State only the number of lines below where the word "left" is found.
*** Opening RECORDS FOR PROCESSING ***
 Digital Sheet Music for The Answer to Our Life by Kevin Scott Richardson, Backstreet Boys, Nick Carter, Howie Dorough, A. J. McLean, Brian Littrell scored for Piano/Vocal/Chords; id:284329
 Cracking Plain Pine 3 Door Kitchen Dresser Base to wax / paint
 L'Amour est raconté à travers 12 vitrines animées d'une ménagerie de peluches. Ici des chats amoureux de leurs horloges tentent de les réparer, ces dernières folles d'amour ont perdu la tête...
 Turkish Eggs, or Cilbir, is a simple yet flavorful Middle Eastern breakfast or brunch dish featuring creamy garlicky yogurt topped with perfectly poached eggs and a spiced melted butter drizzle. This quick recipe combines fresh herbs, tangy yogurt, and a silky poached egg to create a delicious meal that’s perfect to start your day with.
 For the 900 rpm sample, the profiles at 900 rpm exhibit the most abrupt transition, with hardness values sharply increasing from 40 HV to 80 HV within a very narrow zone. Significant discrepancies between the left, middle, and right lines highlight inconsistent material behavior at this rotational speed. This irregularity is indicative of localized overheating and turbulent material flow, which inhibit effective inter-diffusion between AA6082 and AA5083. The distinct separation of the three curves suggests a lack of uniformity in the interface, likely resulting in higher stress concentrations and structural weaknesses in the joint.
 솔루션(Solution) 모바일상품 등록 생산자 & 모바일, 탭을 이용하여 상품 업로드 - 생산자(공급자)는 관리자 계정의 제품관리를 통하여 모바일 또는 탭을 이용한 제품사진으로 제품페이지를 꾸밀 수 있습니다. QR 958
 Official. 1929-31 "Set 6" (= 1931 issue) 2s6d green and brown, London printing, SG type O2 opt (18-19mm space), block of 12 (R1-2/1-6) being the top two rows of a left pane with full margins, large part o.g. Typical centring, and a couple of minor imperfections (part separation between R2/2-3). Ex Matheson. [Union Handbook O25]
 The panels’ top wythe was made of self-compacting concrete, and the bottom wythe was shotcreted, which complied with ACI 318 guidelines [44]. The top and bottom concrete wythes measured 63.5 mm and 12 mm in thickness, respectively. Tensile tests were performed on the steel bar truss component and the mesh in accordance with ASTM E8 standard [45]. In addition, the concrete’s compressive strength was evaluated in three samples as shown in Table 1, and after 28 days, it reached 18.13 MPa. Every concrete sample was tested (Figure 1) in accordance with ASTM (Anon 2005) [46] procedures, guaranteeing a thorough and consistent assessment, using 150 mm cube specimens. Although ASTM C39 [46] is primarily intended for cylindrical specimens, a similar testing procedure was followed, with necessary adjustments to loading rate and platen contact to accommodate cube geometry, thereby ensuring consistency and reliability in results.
*** Closing RECORDS FOR PROCESSING ***
*** Opening RECORDS FOR PROCESSING ***
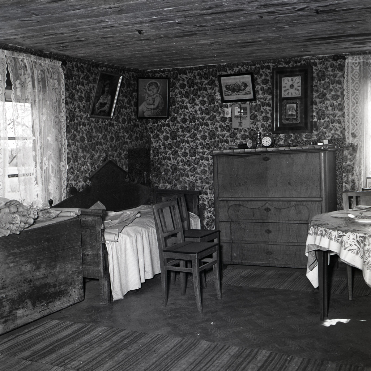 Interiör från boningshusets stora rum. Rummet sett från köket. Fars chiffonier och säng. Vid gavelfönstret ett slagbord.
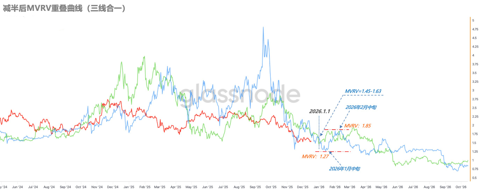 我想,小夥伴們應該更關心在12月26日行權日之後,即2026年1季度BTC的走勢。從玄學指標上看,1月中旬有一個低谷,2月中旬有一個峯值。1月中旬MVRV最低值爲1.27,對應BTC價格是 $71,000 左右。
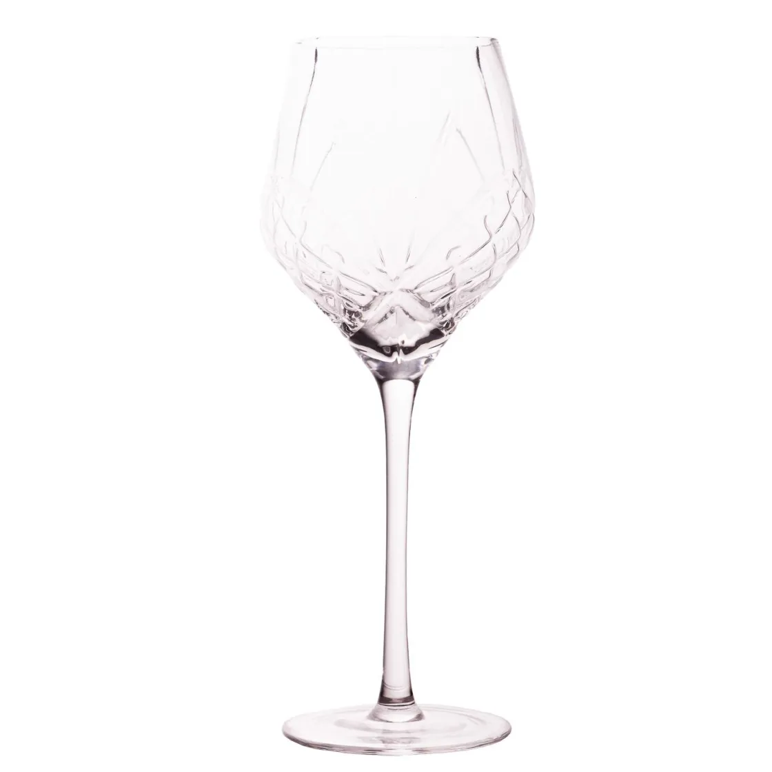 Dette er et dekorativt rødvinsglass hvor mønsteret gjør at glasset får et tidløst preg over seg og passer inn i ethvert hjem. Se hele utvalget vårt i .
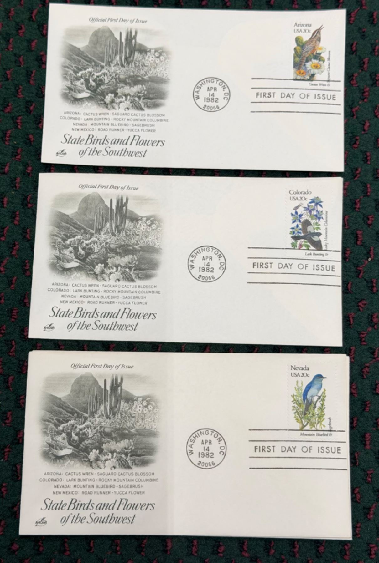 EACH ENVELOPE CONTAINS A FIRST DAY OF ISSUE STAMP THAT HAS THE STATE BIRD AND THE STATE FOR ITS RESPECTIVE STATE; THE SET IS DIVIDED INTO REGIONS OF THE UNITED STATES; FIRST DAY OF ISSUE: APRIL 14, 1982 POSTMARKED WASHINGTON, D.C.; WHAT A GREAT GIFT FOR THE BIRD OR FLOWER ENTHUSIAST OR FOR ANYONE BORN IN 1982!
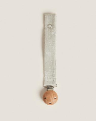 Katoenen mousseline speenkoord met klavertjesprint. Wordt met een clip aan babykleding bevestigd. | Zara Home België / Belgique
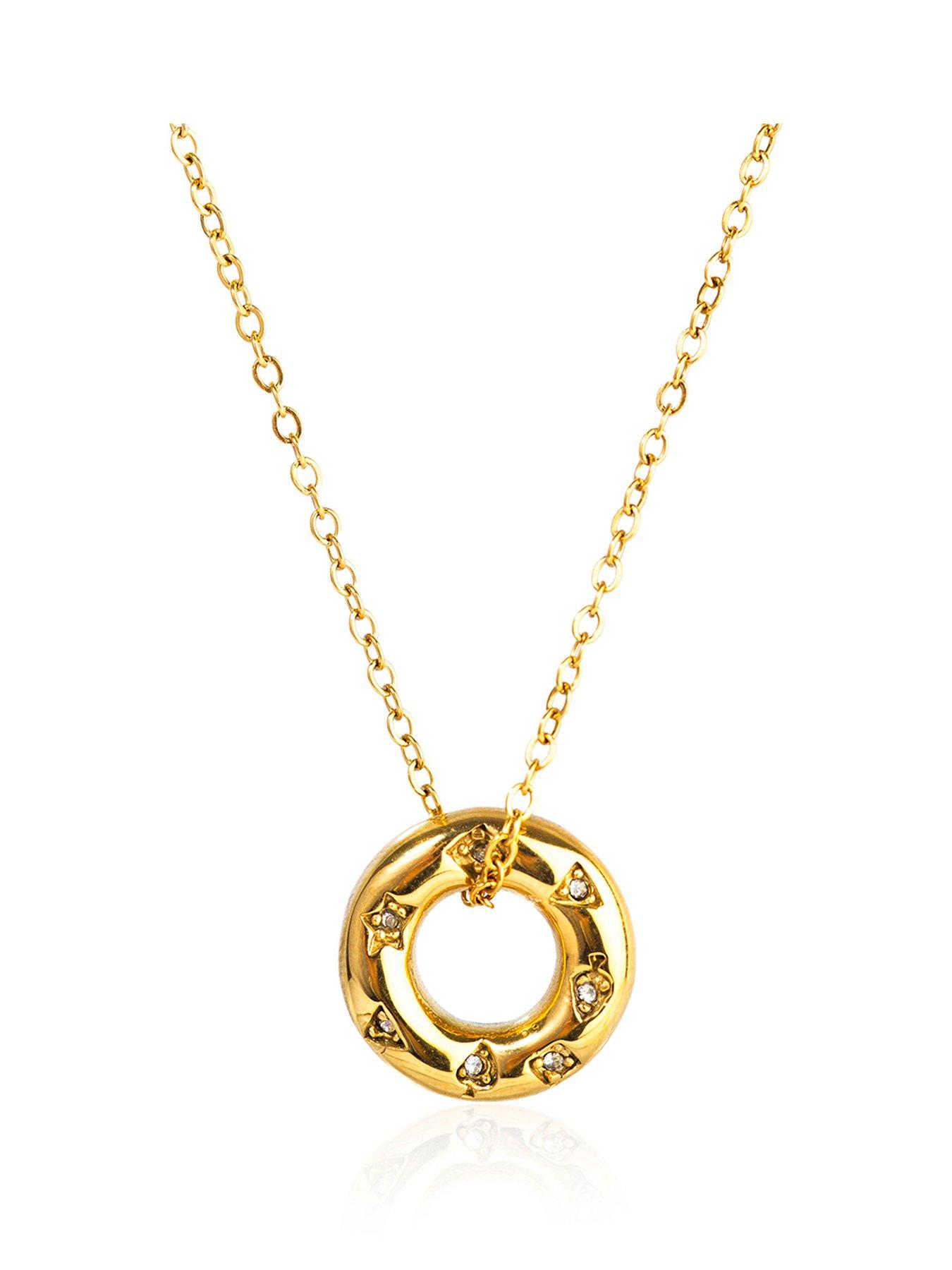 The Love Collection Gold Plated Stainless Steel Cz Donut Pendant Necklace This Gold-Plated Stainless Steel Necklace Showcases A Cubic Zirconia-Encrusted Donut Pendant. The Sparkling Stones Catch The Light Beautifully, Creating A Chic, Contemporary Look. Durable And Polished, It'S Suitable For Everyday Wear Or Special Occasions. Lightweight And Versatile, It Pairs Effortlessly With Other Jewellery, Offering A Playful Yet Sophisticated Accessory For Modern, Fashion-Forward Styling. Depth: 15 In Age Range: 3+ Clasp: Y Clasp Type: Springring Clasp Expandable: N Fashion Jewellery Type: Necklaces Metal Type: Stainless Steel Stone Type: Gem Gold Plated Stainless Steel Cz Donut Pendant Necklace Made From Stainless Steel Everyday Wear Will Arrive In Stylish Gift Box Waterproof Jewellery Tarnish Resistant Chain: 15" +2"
*** Closing RECORDS FOR PROCESSING ***
*** Opening RECORDS FOR PROCESSING ***
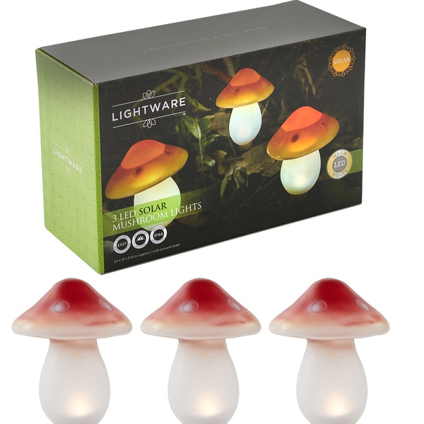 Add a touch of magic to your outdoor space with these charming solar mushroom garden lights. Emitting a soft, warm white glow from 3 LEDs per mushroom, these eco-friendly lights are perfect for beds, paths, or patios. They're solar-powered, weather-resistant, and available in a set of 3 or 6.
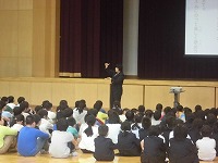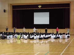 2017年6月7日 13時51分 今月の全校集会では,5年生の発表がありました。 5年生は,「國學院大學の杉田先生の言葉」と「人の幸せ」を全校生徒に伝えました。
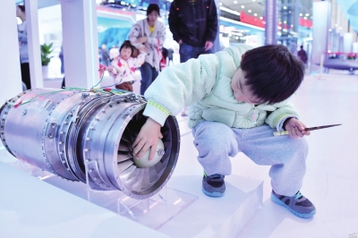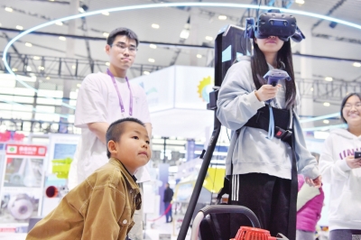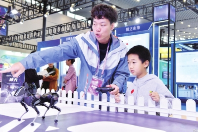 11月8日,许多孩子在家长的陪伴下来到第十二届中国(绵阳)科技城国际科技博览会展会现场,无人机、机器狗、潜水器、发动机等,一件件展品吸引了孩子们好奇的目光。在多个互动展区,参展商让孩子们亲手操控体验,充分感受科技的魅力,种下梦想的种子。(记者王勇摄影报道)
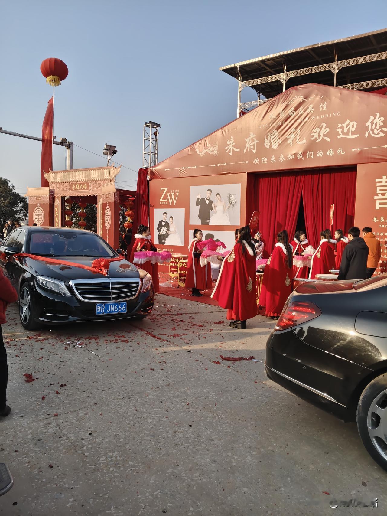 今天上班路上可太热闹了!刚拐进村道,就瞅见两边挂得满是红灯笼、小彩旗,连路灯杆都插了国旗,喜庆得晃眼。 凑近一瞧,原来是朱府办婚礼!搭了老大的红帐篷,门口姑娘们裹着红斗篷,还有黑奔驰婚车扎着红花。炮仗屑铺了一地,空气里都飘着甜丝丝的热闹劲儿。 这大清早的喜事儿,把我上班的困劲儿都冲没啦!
*** Closing RECORDS FOR PROCESSING ***
EXERCISE RESPONSE |
2